South Carolina among the states with highest Covid-19 infection rates in children, MUSC sees highest admission of children with severe condition

The state of South Carolina has one of the highest Covid-19 infection rates in the country compared to all the other states, something that is now officially confirmed by the MUSC claiming that currently they see the highest number of children patients with severe Covid-19 condition since the start of the pandemic.

This comes at the time when South Carolina residents are seeing better Covid-19 situation across the state compared to several weeks ago, when the number were much higher.

“While it was true that, generally speaking, kids were less affected by COVID last year than adults, that’s no longer true. We’re seeing many more kids who are severely affected by COVID,” said Allison Eckard, M.D., the head of the Division of Pediatric Infectious Diseases at MUSC.

According to MUSC, only in August and September the hospital saw 40% of the total number of children they admitted since the start of the pandemic. Only in those two months, MUSC treated 74 children with severe condition as a result of the virus.

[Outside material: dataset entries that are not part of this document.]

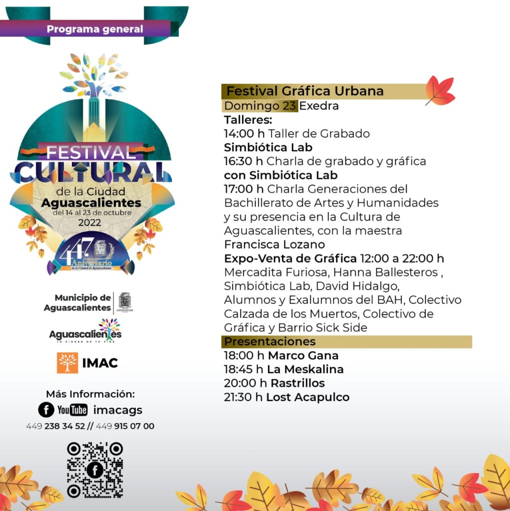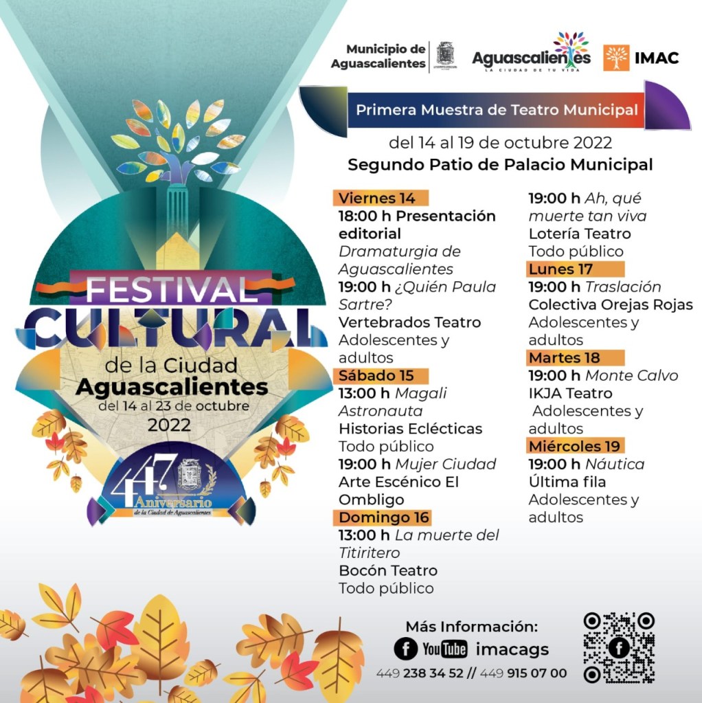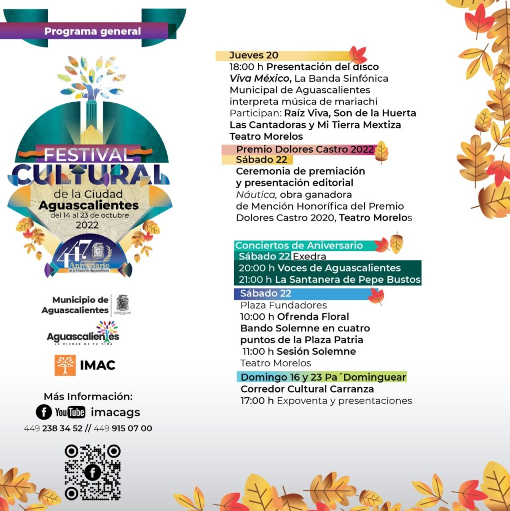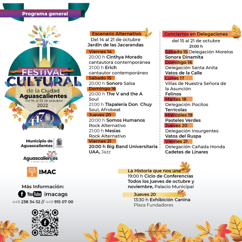 El programa completo para el Festival Cultural de la Ciudad se puede consultar en el portal web http://www.ags.gob.mx, en redes sociales del IMAC y del Municipio de Aguascalientes.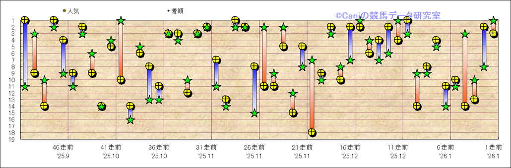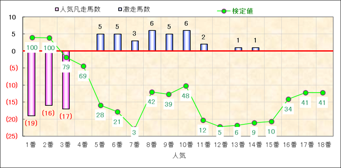 人気凡走馬:1-3番人気で着外、激走馬:5-18番人気で入着 |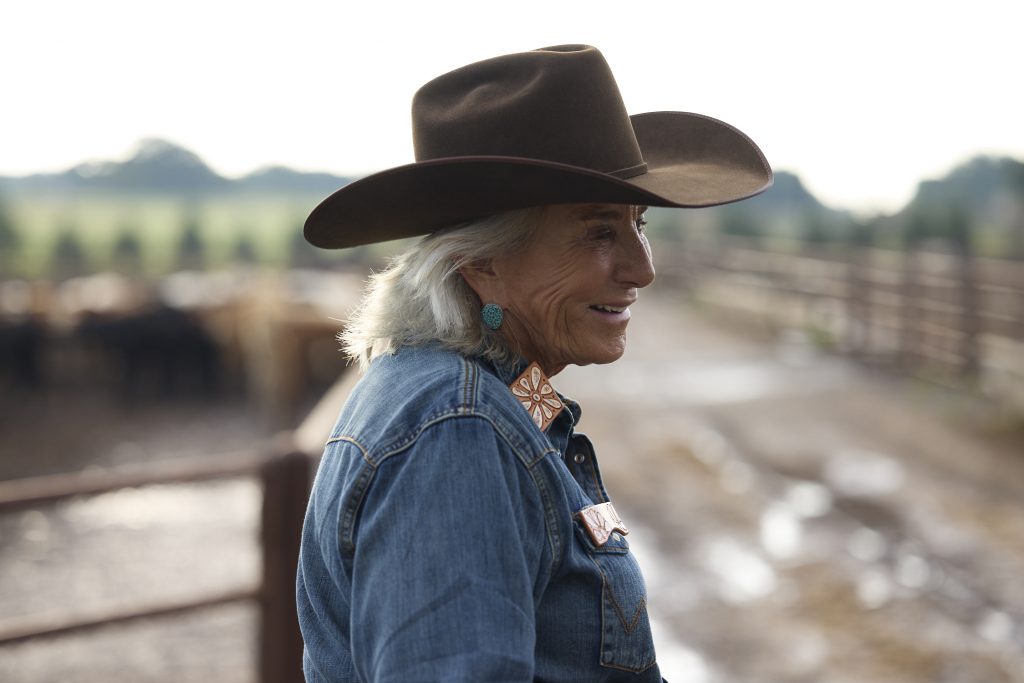 Custom Shorty hat, shortyshattery.com; Kingman Rose earrings, robshermandesigns.com; Showstopper denim shirt, mcintiresaddlery.com; Belt, buckle, Haala jeans, chaps, and Rios of Mercedes boots (Lindy’s own).

14 children out of those 74 ended up with highly serious condition and were put on ventilator.

Four were on a last resort form of life support called ECMO or extracorporeal membrane oxygenation, a machine which oxygenates the blood when a person’s lungs aren’t working, according to MUSC.

None of those patients were fully vaccinated when they arrived at the hospital, Eckard said.

“Many of our sickest children were eligible for vaccination, but their families chose not to vaccinate them. The vaccine is very safe and is our greatest tool to prevent not only covid cases in children but to keep as many children out of the hospital as possible,” Eckard said.

Experts agree that the Delta variant is the major reason for the recent trend which was not the case with the previous variants of the virus.

Additionally, South Carolina health experts believe that the high number of cases among children across the state is a result of the lower vaccination rate among general population, but this is especially notable to children aged 12-17.

Eckard also added that general mask mandates in schools might by far improve the current situation.

“The risks from COVID are far greater than the miniscule risk of a serious side effect associated with the vaccine and that includes children,” she said. “And a bonus to being vaccinated is that those children do not have to quarantine from school after close contact if they remain asymptomatic. Seems to me that vaccination is a win-win for children and families.”